▸ **TASK DETAILS**:
Go through the following data and transcribe exactly the stretch of lines from the one holding "Set of 4 premium" to the one holding "- viên rửa bát", both included.

----- TASK INPUTS -----

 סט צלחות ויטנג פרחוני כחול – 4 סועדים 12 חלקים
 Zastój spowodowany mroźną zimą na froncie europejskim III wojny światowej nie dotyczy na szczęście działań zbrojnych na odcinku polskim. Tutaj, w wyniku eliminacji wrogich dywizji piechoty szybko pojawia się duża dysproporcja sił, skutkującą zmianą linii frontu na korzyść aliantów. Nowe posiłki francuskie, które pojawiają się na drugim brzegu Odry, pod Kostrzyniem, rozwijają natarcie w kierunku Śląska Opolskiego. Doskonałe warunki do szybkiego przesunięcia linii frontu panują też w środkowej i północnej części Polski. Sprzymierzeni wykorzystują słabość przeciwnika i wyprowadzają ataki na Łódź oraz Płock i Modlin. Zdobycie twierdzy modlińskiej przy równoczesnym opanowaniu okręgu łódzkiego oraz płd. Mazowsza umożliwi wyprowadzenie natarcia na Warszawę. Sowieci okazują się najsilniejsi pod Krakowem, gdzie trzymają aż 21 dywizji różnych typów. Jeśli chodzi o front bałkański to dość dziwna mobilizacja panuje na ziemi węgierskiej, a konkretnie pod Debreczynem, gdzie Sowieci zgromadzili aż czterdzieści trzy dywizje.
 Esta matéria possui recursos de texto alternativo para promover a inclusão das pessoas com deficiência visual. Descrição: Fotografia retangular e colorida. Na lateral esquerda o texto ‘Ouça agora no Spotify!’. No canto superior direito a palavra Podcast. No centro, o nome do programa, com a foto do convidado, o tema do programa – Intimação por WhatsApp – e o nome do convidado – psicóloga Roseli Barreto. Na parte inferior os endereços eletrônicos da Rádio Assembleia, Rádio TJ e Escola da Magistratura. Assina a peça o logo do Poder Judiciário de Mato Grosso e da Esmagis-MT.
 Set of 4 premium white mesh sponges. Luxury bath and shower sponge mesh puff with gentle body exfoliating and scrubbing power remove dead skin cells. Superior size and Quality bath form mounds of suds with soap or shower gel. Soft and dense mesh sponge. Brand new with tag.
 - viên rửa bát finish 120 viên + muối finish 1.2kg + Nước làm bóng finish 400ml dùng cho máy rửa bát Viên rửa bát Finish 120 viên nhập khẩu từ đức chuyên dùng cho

-----
----- TASK INPUTS -----

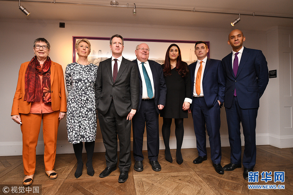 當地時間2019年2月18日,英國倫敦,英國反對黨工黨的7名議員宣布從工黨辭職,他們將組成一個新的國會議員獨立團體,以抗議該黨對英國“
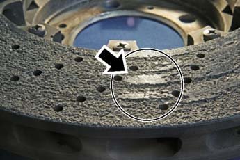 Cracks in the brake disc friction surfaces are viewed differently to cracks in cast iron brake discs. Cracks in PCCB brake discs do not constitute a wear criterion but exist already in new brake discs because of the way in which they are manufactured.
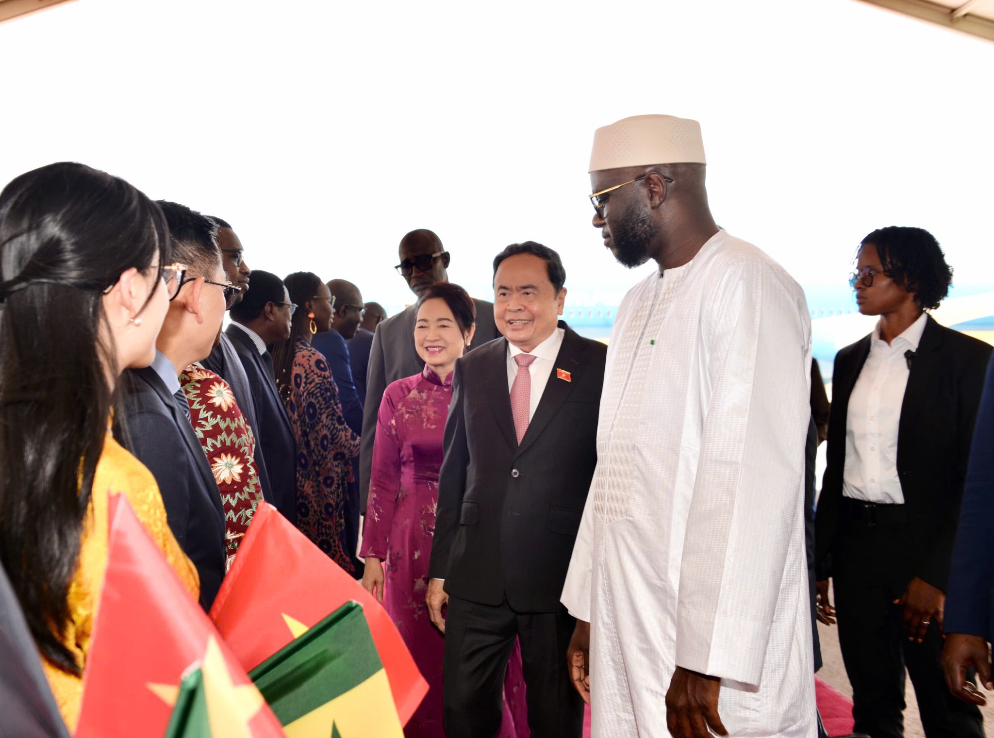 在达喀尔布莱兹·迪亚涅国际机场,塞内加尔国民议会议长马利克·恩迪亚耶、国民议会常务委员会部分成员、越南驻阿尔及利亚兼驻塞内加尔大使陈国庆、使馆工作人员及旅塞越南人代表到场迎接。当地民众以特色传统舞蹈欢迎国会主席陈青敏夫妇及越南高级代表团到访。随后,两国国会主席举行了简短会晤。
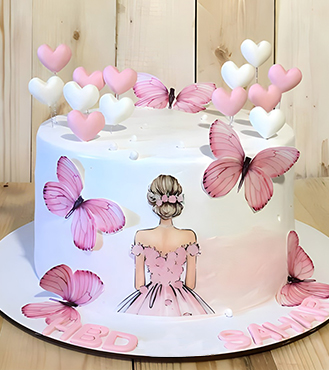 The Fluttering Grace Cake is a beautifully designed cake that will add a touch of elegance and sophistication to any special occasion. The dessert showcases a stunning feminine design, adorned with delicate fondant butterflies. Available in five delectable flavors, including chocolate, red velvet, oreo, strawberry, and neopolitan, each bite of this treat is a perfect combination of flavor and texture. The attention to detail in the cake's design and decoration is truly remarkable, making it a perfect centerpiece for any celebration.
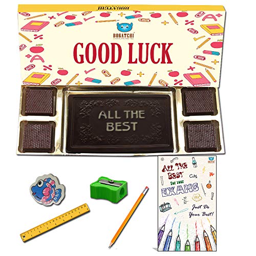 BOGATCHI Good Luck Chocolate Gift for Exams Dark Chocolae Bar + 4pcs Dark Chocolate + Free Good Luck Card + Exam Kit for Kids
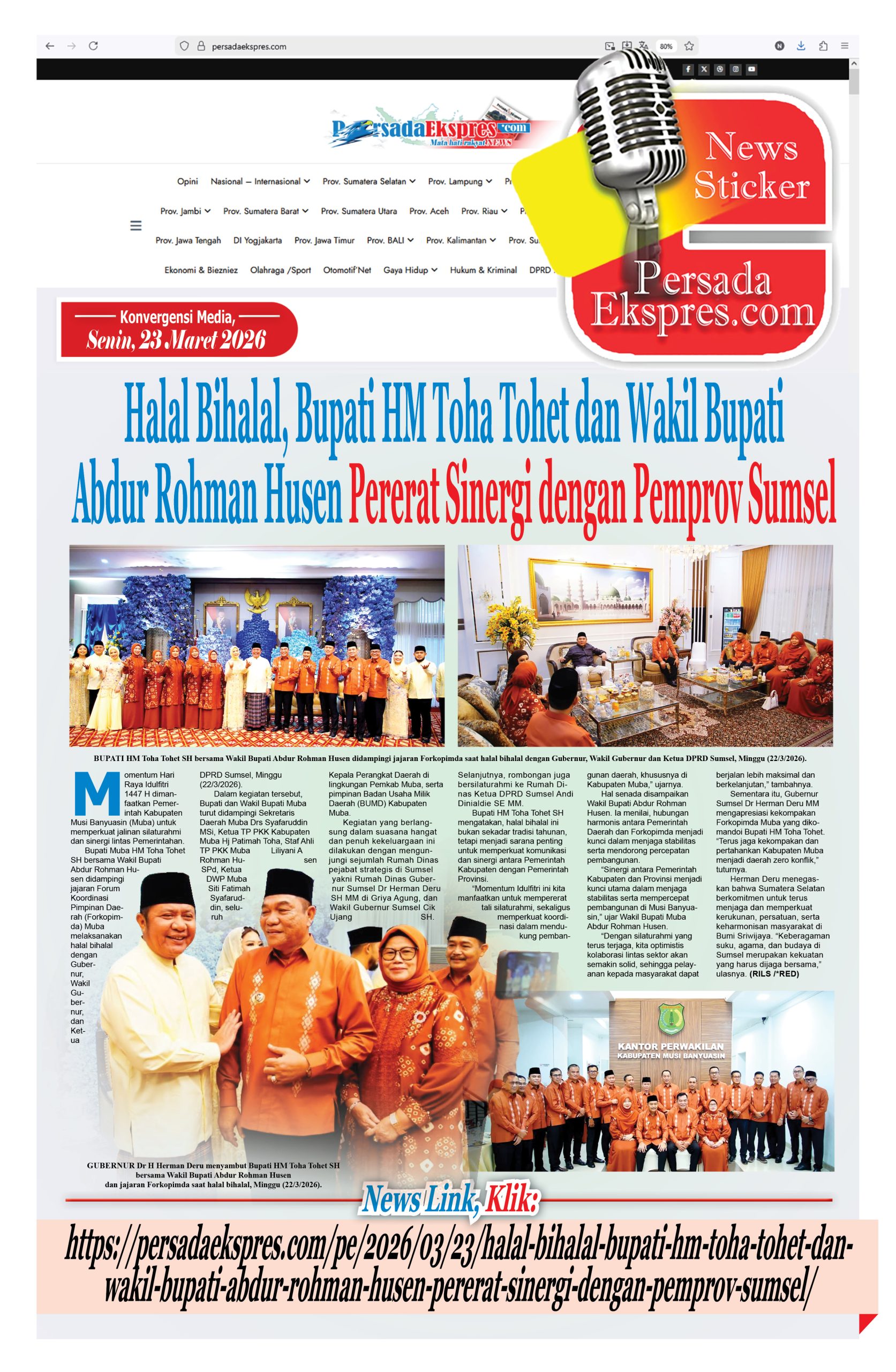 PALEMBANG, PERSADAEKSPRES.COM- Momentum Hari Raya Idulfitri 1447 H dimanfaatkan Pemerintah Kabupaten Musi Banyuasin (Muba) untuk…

-----
----- TASK INPUTS -----

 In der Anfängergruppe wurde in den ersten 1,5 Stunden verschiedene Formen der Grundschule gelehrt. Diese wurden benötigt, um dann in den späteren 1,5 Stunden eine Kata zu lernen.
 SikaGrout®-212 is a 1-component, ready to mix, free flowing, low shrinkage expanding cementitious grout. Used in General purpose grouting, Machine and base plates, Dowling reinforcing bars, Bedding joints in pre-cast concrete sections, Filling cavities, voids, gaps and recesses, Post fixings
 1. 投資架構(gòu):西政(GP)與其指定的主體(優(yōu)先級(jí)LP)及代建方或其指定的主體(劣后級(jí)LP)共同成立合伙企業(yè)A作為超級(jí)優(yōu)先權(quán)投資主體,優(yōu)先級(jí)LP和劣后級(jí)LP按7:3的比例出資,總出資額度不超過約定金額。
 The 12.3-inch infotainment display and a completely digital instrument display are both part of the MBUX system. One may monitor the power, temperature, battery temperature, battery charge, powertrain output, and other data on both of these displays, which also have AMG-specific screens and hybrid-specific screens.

-----

▸ **OUTPUT FOR THIS TASK**:
 Set of 4 premium white mesh sponges. Luxury bath and shower sponge mesh puff with gentle body exfoliating and scrubbing power remove dead skin cells. Superior size and Quality bath form mounds of suds with soap or shower gel. Soft and dense mesh sponge. Brand new with tag.
 - viên rửa bát finish 120 viên + muối finish 1.2kg + Nước làm bóng finish 400ml dùng cho máy rửa bát Viên rửa bát Finish 120 viên nhập khẩu từ đức chuyên dùng cho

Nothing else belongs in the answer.